How a ‘shared SMSF’ could reduce SMSF fees
The table below compares a basic self managed super fund with all members in the accumulation phase, where the only investments held are cash and listed Australian or US shares.
The ASIC fee means a trustee company is used, and all SMSFs pay the ATO levy. The SMSF administration fee includes the accounting and independent audit. The segregation fee is the additional fee to account for the separate or ‘segregated’ accounts and investments of unrelated members of the SMSF (more on this below).
|No. Members||ASIC||ATO Levy||SMSF Administration||Segregation Fees||Total Annual Fees||Fees Per Member|
|1||$ 63||$ 259||$ 1,375||$ –||$ 1,697||$ 1,697.00|
|2||$ 63||$ 259||$ 1,375||$ 330||$ 2,027||$ 1,013.50|
|3||$ 63||$ 259||$ 1,375||$ 660||$ 2,357||$ 785..67|
|4||$ 63||$ 259||$ 1,375||$ 990||$ 2,687||$ 671.75|
|5||$ 63||$ 259||$ 1,375||$ 1,320||$ 3,017||$ 603.40|
|6||$ 63||$ 259||$ 1,375||$ 1,650||$ 3,347||$ 557.83|
Based on the above, you can quickly see the difference adding additional members makes to the fees incurred per member. This is the key benefit of setting up and running an SMSF with friends and is somewhat obvious – but what are the drawbacks?
Risks when running an SMSF with friends
The reasons people set up an SMSF are clear:
- Control (both actual and perceived control);
- Choice of investments (the ability to make specific investments / buy particular stocks)
- Direct ownership (legal and/or beneficial ownership in the name of your SMSF)
Another way of looking at it is that people believe that by taking control of their superannuation investments, they can generate better returns as they’re looking after their interests first and foremost.
But all this control comes with responsibility and the more members who are added to the SMSF, the greater the chances that something will go wrong that will not just impact that member, but could seriously and permanently impact all members of the fund. This is because an SMSF requires all members to be a trustee (or directors of the SMSF trustee company), and the trustee is responsible for complying with the myriad of superannuation and tax rules applicable to SMSFs.
Penalties, disqualifications, fines and imprisonment
The primary danger when you have an SMSF with friends is that one of these super friends commits a serious breach, such as illegal early access or lending SMSF money to members or relatives. Breaches of this type are serious, and the applicable penalty (from 1 July 2023) is $18,780. This amount is either payable personally by every trustee (where the SMSF has individual trustees) or a single penalty is payable where a company trustee is used and all directors are jointly liable for the penalty.
In addition, the ATO could take actions including:
- Banning all trustees (even those not involved in the breach) from being trustees of an SMSF permanently;
- Removing the funds ‘complying’ status means there could be serious adverse tax consequences
Although the above measures are rarely applied, they’re not unheard of and the ATO is permanently banning people from being involved in SMSFs more often in recent years. You don’t want to be banned in say your twenties and never have the opportunity to be part of an SMSF in the future. In addition, the disqualification from being a trustee of an SMSF is published in a Government gazette and will show high in the search results when anyone searches your name – including potential employers or business associates.
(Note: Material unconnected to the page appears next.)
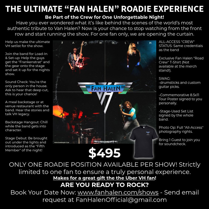 ron(12302) |  THE ULTIMATE FAN HALEN ROADIE EXPERIENCE IS HERE!?? Stop watching from the front row and start running the show! We’re giving ONE super-fan per show the chance to ditch their day job and join the actual crew for The Ultimate “FAN HALEN” Roadie Experience! This isn’t just a backstage pass–it’s an all-access, high-voltage dive into the world of the world’s most authentic Van Halen tribute. YOUR BEHIND-THE-SCENES ALL ACCESS INCLUDES: * The Setlist: Help us curate the ultimate VH setlist for the show. * Load-In & Set-Up: Help the guys get the “Frankenstrat” and all the gear onto the stage. * Solo Sound Check: You’re the only person in the house. This is your chance to hear that deep cut! * Meal Backstage: Eat with the band and hear their stories and VH legacy talk. * Backstage Hangout: Chill while the band gets into character. * Stage Debut: Be brought out under the lights and introduced as the “Fifth Member” of the night! * All-Access “Crew” Status: Get the same credentials as the band. * Exclusive T-Shirt: Receive an exclusive Fan Halen “Road Crew” T-Shirt (not available at the merch stand!). * Swag: Custom drumsticks, picks, a personalized 8.5×11 tour poster, and a stage-used setlist signed by the band. * Photo Op: Full “All-Access” photography rights. * Bring a Guest: 1 guest can join you for the soundcheck! —– SECURE YOUR SPOT NOW: This exclusive opportunity is available for ONE FAN ONLY PER SHOW to ensure a truly personal experience. It makes for a great gift for the Uber VH fan! Are you ready to rock? Choose your date now at https://www.fanhalen.com/shows and send an email request to FanHalenOfficial@gmail.com .

So, what can you do to avoid these serious downsides of running an SMSF with friends?
When a member wants to leave a joint SMSF, regardless of whether the SMSF is run on a pooled or segregated basis, there needs to be cash available to transfer their benefits to an APRA (industry or retail) super fund of their choice. This is easy to accommodate when the SMSF is investing in liquid assets such as shares or ETFs, but can be problematic if the SMSF has invested in property or other illiquid assets.
SMSF company trustee essential
One of the certainties when setting up an SMSF with friends is that it’s guaranteed that sometime in the future (much like a shared house), someone will move out.
Using a special purpose company as trustee of the SMSF will add a little extra in setup costs ( + $605, for example), but it will massively reduce the work and costs when members are added and removed from the SMSF. With a company trustee, all investments and accounts must be in the name of the trustee (i.e. the company) on behalf of the SMSF.
By comparison, when individual trustees are used when the membership changes, so do the trustees. Therefore, all the accounts and investments need to be swapped over to the name of the new trustees. To get an idea of the work involved in switching trustees, you can read this article: Changing SMSF trustees
In addition to the administrative benefits of a company trustee, as described above in the worst-case scenario of fines and penalties being applied by the ATO, when a company trustee is used, there will only be one single penalty per breach – not up to 4 (or even 6) individual penalties.
If the above two reasons are not enough, the following article covers the reasons for an SMSF trustee company in more detail: Corporate trustee vs. individual trustees for SMSFs
Shared SMSF, separate investments
Just because you’ve set up an SMSF with friends to share costs doesn’t mean you share the same investments. Your super shared house has multiple bedrooms!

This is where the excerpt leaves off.